Detection of known and validated submicroscopic copy-number variations by high-density BAC, SNP, and oligonucleotide arrays. Individual chromosome plots are shown for Patient 8 (chromosome 9), with the log2 T/R (test-over-reference) values plotted on the y-axis versus the genomic position on chromosome 9 on the x-axis. Results are shown for the tiling-resolution 32k BAC array (A), the 100k SNP array (B), the 250k SNP array (C), and the 385k oligonucleotide array (D). A known and validated microdeletion of 0.54 Mb on 9q33.1 is detected by all four genomic microarray platforms (see black arrow). In addition, a previously undetected microduplication is clearly visible on the chromosome profile obtained by the 250k SNP array (see grey arrow). This figure also shows the different levels of microarray noise present for the different microarray platforms.

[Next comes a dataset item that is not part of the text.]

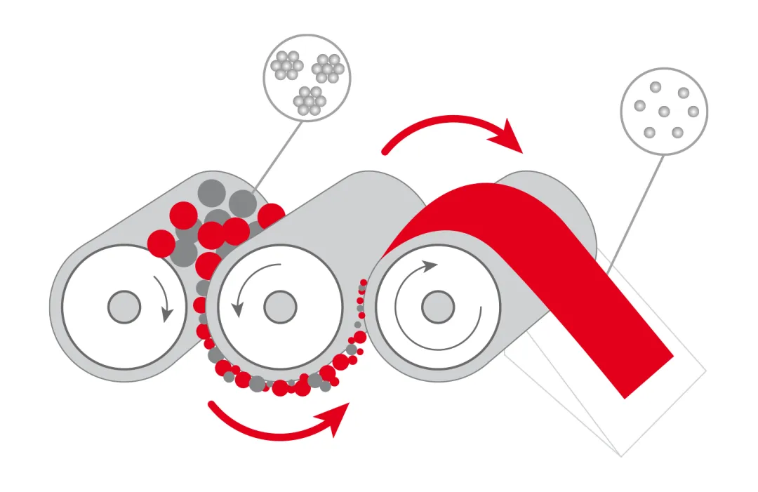 中毅ZYE的三輥研磨機是精密型三輥機,作為中高粘度材料最有效的分散設備,既可以實現亞微米級的精細分散,又能達到最佳的粒徑集中度。廣泛應用于油漆、油墨、顏料、塑料等漿料的制造生產中,其核心原理是通過水平的三根輥筒表面互相擠壓,不同轉向及速度差所產生的剪切力而達到研磨分散的效果,且在ZYE三輥機精密的間距控制下能夠做到不破壞材料的表面形貌而達到解聚的目的。

Automatic detection of copy-number aberrations by HMM

In order to obtain independent information on the performance of the different microarray platforms in identifying submicroscopic copy-number variations, we applied a single automated HMM algorithm to the experiments performed in this study (see Table 1). The known and validated copy-number changes were previously identified on the 32k BAC microarray platform,[17] and ranged in sizes from 230 kb to 8.9 Mb. Samples from 10 patients were tested on the 385k NimbleGen oligonucleotide microarray platform, and all of the previously identified and validated copy-number variations were detected by the automated HMM algorithm. In contrast, two of the previously identified and validated copy-number variations out of the 13 tested were not automatically detected on the Affymetrix 100k SNP array platform. One of these was a 350 kb deletion on chromosome 7q11.21 (Patient 5), and the other was a 1.65 Mb deletion on chromosome 15q24 (Patient 11). The HMM algorithm correctly detected 10 out of 11 previously identified and validated copy-number variations on the Affymetrix 250k SNP microarray. Again, the 350 kb deletion on 7q11.21 could not be detected automatically, whereas the 1.65 Mb deletion on 15q24 was readily detected on this platform. In addition to the known and validated copy-number variations, a large number of additional copy-number variations was detected but not validated.

Table 1

Detection of known and validated submicroscopic copy-number variations onto high-density BAC, SNP and oligonucleotide microarrays

Patient	Copy number	Chromosome	Size (Mb)	No. of targets in region				Average ratio targets in region				Detected by HMM^a
				32k	100k	250k	385k	32k	100k	250k	385k	100k	250k	385k
				BACs	SNPs	SNPs	Oligos	BACs	SNPs	SNPs	Oligos	SNPs	SNPs	Oligos
1	Loss	1	3.93	42	125	230	n.d.	−0.41	−0.51	−0.45	n.d.	Yes	Yes	n.d.
2	Gain	1	2.12	21	50	120	176	0.44	0.49	0.77	0.59	Yes	Yes	Yes
3	Loss	2	0.92	11	47	64	127	−0.59	−0.43	−0.52	−0.45	Yes	Yes	Yes
4	Gain	5	1.24	16	40	n.d.	n.d.	0.29	0.30	n.d.	n.d.	Yes	n.d.	n.d.
5	Loss	7	0.35	18	1	13	30	−0.23	−0.52	−0.40	−0.24	No	No	Yes
6	Gain	9	0.23	5	23	38	40	0.35	0.30	0.47	0.27	Yes	Yes	Yes
7	Loss	9	2.85	30	145	320	n.d.	−0.39	−0.45	−0.44	n.d.	Yes	Yes	n.d.
8	Loss	9	0.54	6	22	70	88	−0.50	−0.44	−0.44	−0.37	Yes	Yes	Yes
9	Loss	11	9.15	80	551	923	1299	−0.35	−0.47	−0.47	−0.50	Yes	Yes	Yes
10	Gain	12	2.30	39	69	n.d.	353	0.32	0.26	n.d.	0.23	Yes	n.d.	Yes
11	Loss	15	1.65	16	4	40	204	−0.33	−0.36	−0.50	−0.35	No	Yes	Yes
12	Gain	17	2.89	28	64	151	420	0.37	0.26	0.46	0.29	Yes	Yes	Yes
12	Gain	17	1.43	14	18	91	198	0.36	0.19	0.44	0.31	Yes	Yes	Yes
12	Gain	17	2.88	30	205	279	442	0.41	0.29	0.45	0.28	Yes	Yes	Yes
12	Gain	17	1.48	24	21	64	189	0.33	0.26	0.52	0.31	Yes	Yes	Yes
13	Loss	22	2.66	35	36	130	306	−0.41	−0.47	−0.41	−0.23	Yes	Yes	Yes

aAll copy-number variations were initially detected by an automated HMM on the 32k BAC array.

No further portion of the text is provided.